The Freudian psychoanalysisAs a psychopathological model of abnormal behavior, it has a series of main characteristics:
- The disorders are usually the result of early traumatic experiences
- These traumas operate at unconscious level
- The symptoms would be nothing more than "superficial or visible" manifestations of such traumas.
- Therefore, to achieve healing diving into the unconscious is required to reach the primary causes of the disorder.
The model assumes that, once the cause is conscious, through a long and extremely complex analysis process, the symptoms will be reduced or disappear. The therapist's mission is to achieve this insight in the patient
Personality in Freudian psychoanalysis
Personality in Freudian psychoanalysis is composed of 3 main elements: the it, the I and the surpassed, being all behaviors the result of their interactions.
- The it would be the oldest instance of personality, which represents the instincts and which operates under the pleasure principle (seeking the immediate gratification of these instincts)
- On the other hand, the I it is the structure that mediates between the id and the superego, and represents the rational part of the personality (operates under the principle of reality)
- By last, the superego would be the voice of conscience, responsible for moral judgments and personal ethics
The intrapsychic conflict in Freudian psychoanalysis
When he I cannot control the conflict between the it and the surpassed, anxiety arises. Therefore the I it has to defend itself, starting up defense mechanisms, to reduce anxiety, this activation being unconscious.
These mechanisms can be adaptive or maladaptive. Freud says that what happens with phobias and obsessions is that when the internal conflict is very large, the anxiety that is generated is very high. The defense that the self will use will be to reduce anxiety.
The most important defense mechanisms
- Negation: It is the rejection, by the person of recognizing or accepting reality. Eg refusing to believe that one has an illness.
- Displacement: It is to transfer to another person the feeling that generates discomfort. Eg aggression against the opposing football team.
- Projection: Attributing falsely to other feelings that are unacceptable in us. Eg when a person says that someone is attracted to her, when it is she who is attracted to that person.
- Rationalization: Hide the true motivations of something by applying logic, explaining it. Ex. Telling yourself "as everyone does, I don't have to feel guilty."
- Reactive training: A behavior that is not accepted is replaced by its opposite.
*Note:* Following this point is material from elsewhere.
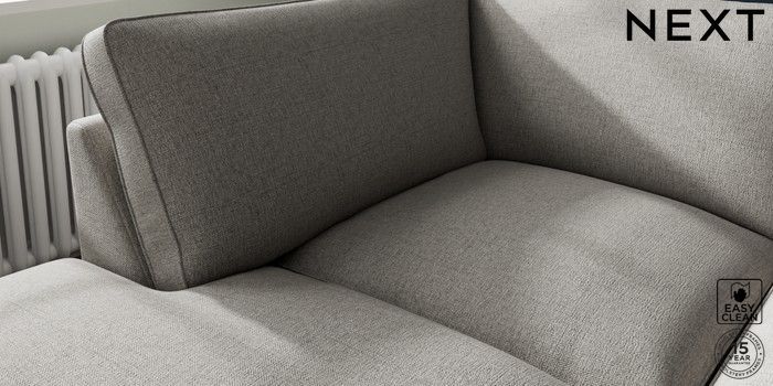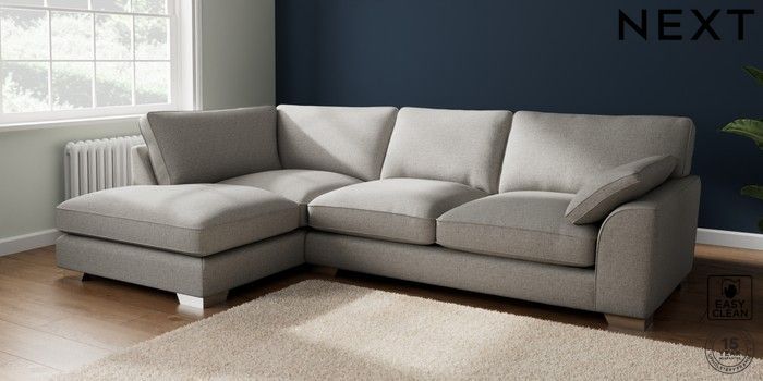 7.3.1 Buy Stamford Grand Relaxed Sit Large Corner Chaise - Left Hand Woven Chenille Easy Clean Light Grey Large Square Angle - Chrome Metal from the Next UK online shop Click here to use our accessible website

Ex. Treat someone who dislikes us in a very friendly way.
- Repression: Block something that someone wants to do but it disturbs him so he blocks it. Eg forgetting traumatic events.
- Sublimation: Order maladaptive feelings and turn them into adaptive social behavior. Eg Sexual impulses displaced in activities such as painting or childcare.
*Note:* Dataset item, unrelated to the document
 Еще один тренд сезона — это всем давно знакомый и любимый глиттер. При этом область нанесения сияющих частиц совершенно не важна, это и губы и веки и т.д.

As soon as they become aware they cease to be defense mechanisms.
The role of instincts in Freudian psychoanalysis
Freud also emphasized the role of instincts as a source of human motivation. For example, libido (of sexual origin), and aggressive instincts required strong social and cultural restrictions to prevent chaos.
He also talked about the drives, as a source of behavior: the Eros, or the drive of life and love, and the Thanatos, or the death drive (the individual's desire to return to an inorganic state).
The confrontation between the powers of both instincts can determine human behavior to a large extent.
Personality development in Freudian psychoanalysis
Personality development occurs through the achievement of a series of stages or phases of psychosexual development.
If the individual successfully completes each phase at the time he should, it will result in a mature personality. On the contrary, stagnating in one of these phases can generate neuroses and other important mismatches.
- Oral phase It lasts from birth until the first year of life. The individual interacts with the world through the mouth, making it the main erogenous zone.
- Anal phase It is the second phase of libido evolution. It goes from the first to the third year. In this phase, the subject obtains pleasure through the sensations of tension-distention of the anus (for example, during defecation).
- Phallic phase It is the third stage of psychosexual development, which comprises from 3 to 6 years old. The child's genitals are his main erogenous zone and satisfaction. In this phase he will give the Oedipus complex, in which the child will repress his carnal desires with the opposite sex parent and identify with the same sex parent. After the resolution of the Oedipus, the superego will be formed.
- Latency period. It extends from 6 years until puberty. The child will keep his sexual impulses at bay and prefer to focus on external activities, such as study, hobbies, etc.
- Genital phase The last phase of psychosexual development, which includes from puberty to adulthood, in which the subject is prepared to give and obtain pleasure and love to others. The main erogenous zones are found in the genitals.
- Freud, S. (2017).The malaise in the culture (Vol. 328). Akal editions.
- Freud, S. (2013).The interpretation of dreams (Vol. 267). Akal editions.
- Freud, S. (2015).Psychopathology of everyday life. FV Éditions.
- Freud, S. (2015).Three tests for a sexual theory. FV Éditions.